## AVAILABLE RECORDS
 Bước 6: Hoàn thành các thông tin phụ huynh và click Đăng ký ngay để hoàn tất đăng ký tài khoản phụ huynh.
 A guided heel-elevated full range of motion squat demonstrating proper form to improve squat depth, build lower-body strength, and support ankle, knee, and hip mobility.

* * *

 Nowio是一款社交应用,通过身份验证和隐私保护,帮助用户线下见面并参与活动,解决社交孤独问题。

## ABOUT THIS EXERCISE
Which lines run from the one holding "Bước 6: Hoàn" through the one holding "A guided heel-elevated" in the records above? Repeat them exactly, both included, and nothing more.

## ANSWER
 Bước 6: Hoàn thành các thông tin phụ huynh và click Đăng ký ngay để hoàn tất đăng ký tài khoản phụ huynh.
 A guided heel-elevated full range of motion squat demonstrating proper form to improve squat depth, build lower-body strength, and support ankle, knee, and hip mobility.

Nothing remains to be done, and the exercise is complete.